Estimated size: ~3 GB (uncompressed).


Step 1: Prepare your accession table

Create a tab-delimited input TSV with at minimum these required columns:

Column Required Description
Accession yes NCBI accession with version (e.g. NC_001401.2)
Organism_Name yes Virus name (becomes the Name field in output)
Length yes Sequence length in bp
Assembly recommended Assembly identifier for grouping multi-segment viruses (e.g. GCF_000862125.1). If absent, each accession gets its own assembly ID (set:<Accession>).
Segment optional Segment label (e.g. S, M, L).
description optional Free-text description. Defaults to Organism_Name if absent.

This table is typically exported from the NCBI Virus web interface, but could be generated from NCBI entrez.

Tip

For segmented viruses, make sure all segments share the same Assembly value. Asm_length is computed as the sum of Length across all accessions with the same Assembly.
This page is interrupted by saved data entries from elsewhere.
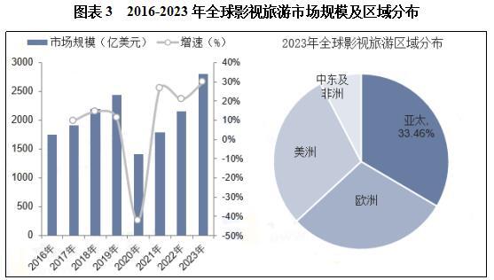无论在国内还是在国外,影视旅游产业都有着较为广阔的发展空间。早在1963年,好莱坞影城的出现就掀起了一股影视旅游热潮。20世纪初,许多发达国家纷纷建立环球影视主题公园,为影视旅游业的发展奠定了坚实的基础。数据显示,2023年全球影视旅游市场规模约2798.2亿美元,同比上涨29.74%。从区域分布情况来看,全球影视旅游行业主要集中分布于亚太、欧洲和美洲地区,其中亚太地区2023年市场占比达33.46%,排在首位。
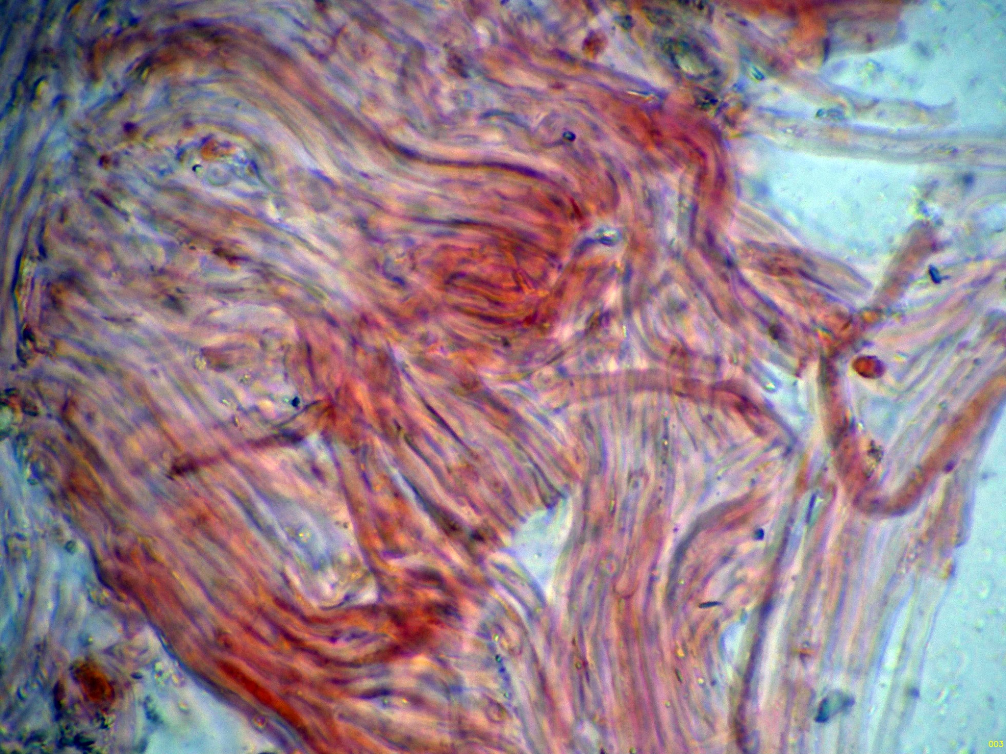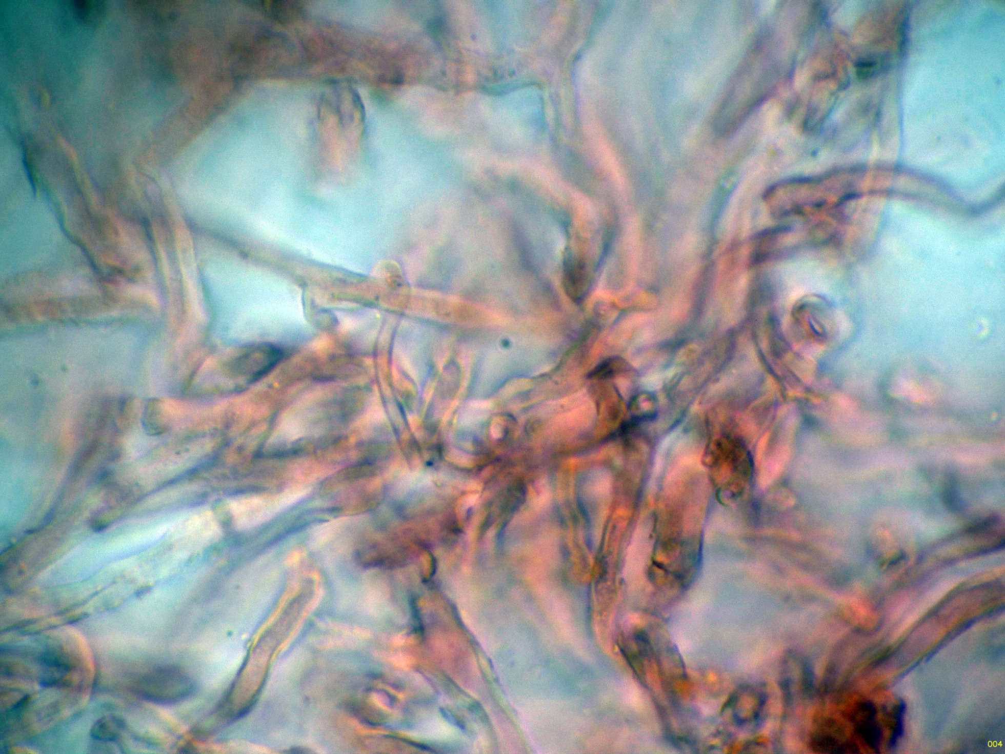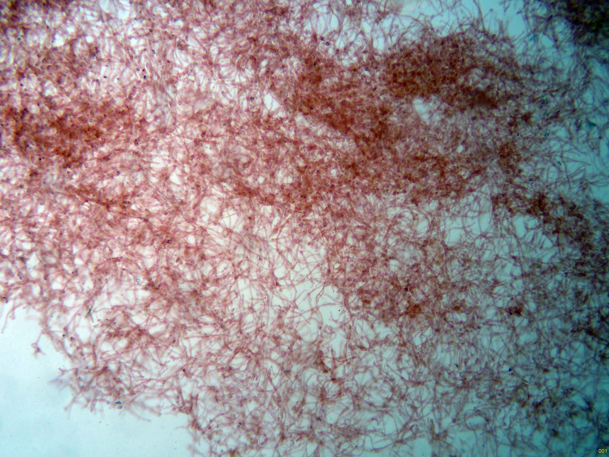 Las hifas de la suprapellis en solución de Rojo Congo a 100 aumentos:
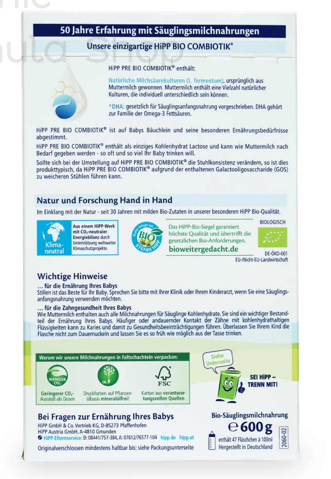 HiPP Bio Combiotik Stage 1 contains prebiotics and probiotics to promote healthy digestion, along with Vitamins A, C & D, Iron, Iodine, Calcium, and Omega-3 (DHA) for complete nutritional support.
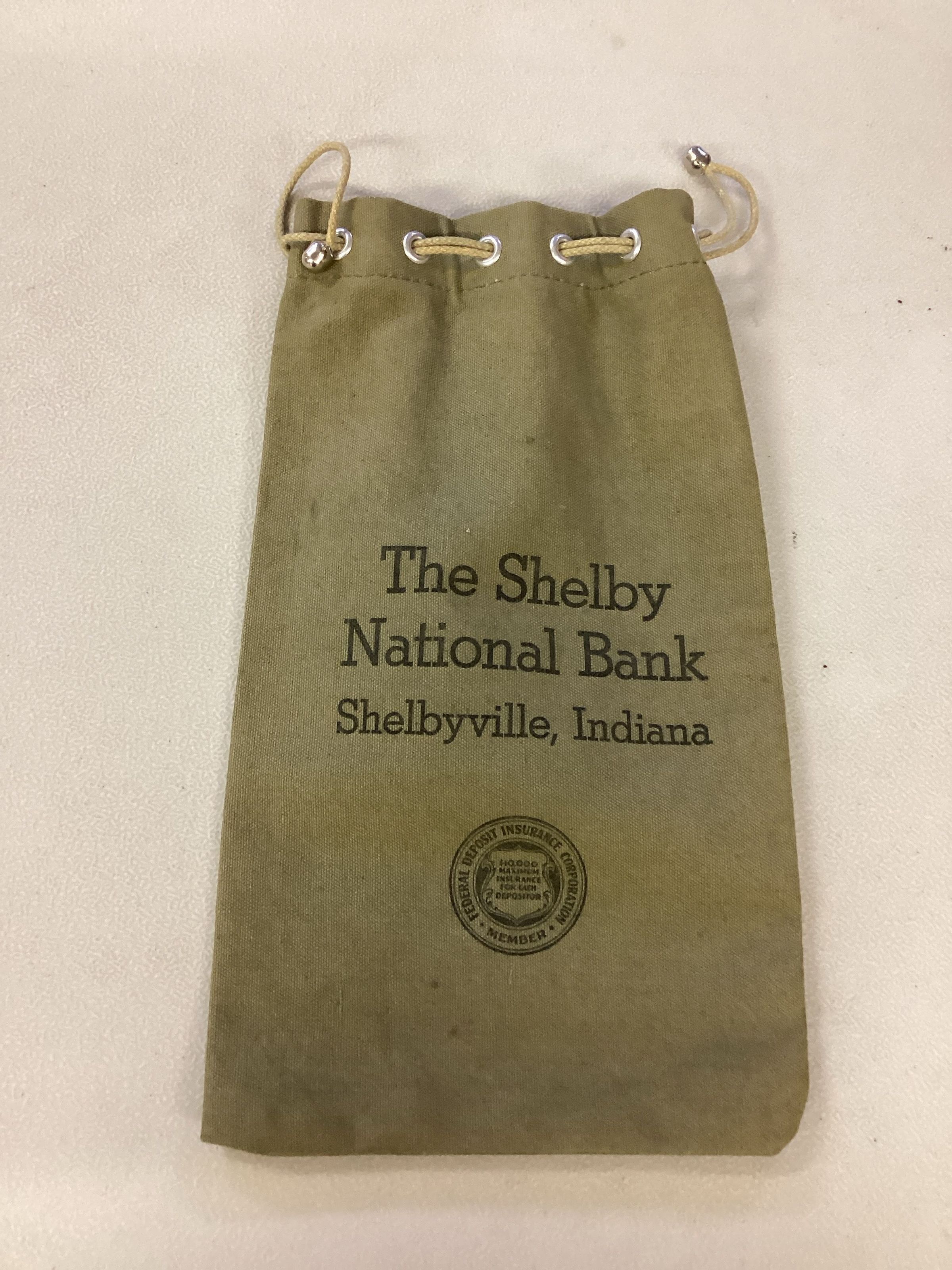 Olive heavy muslin money bag from Shelby National Bank. Back side has written CONNOR.

Step 2: Run esv_create_taxonomy

esv_create_taxonomy \
    -i my_accessions.tsv \
    -o my_virus_metadata.tsv \
    -a /path/to/acc2taxid.tsv.gz \
    -t /path/to/taxdump

Arguments

Flag Required Description
-i / --input yes Input accession TSV (see Step 1).
-o / --output yes Output metadata TSV path.
-a / --accfile yes Path to acc2taxid.tsv.gz (see Prerequisites).
-t / --taxonkit_dir yes Path to the taxdump directory (see Prerequisites).
-s / --subspecies-label no How to populate the subspecies field. See below.

--subspecies-label options

By default (-s not specified), esv_create_taxonomy uses pytaxonkit to assign the subspecies/strain rank from NCBI taxonomy. This is the recommended option.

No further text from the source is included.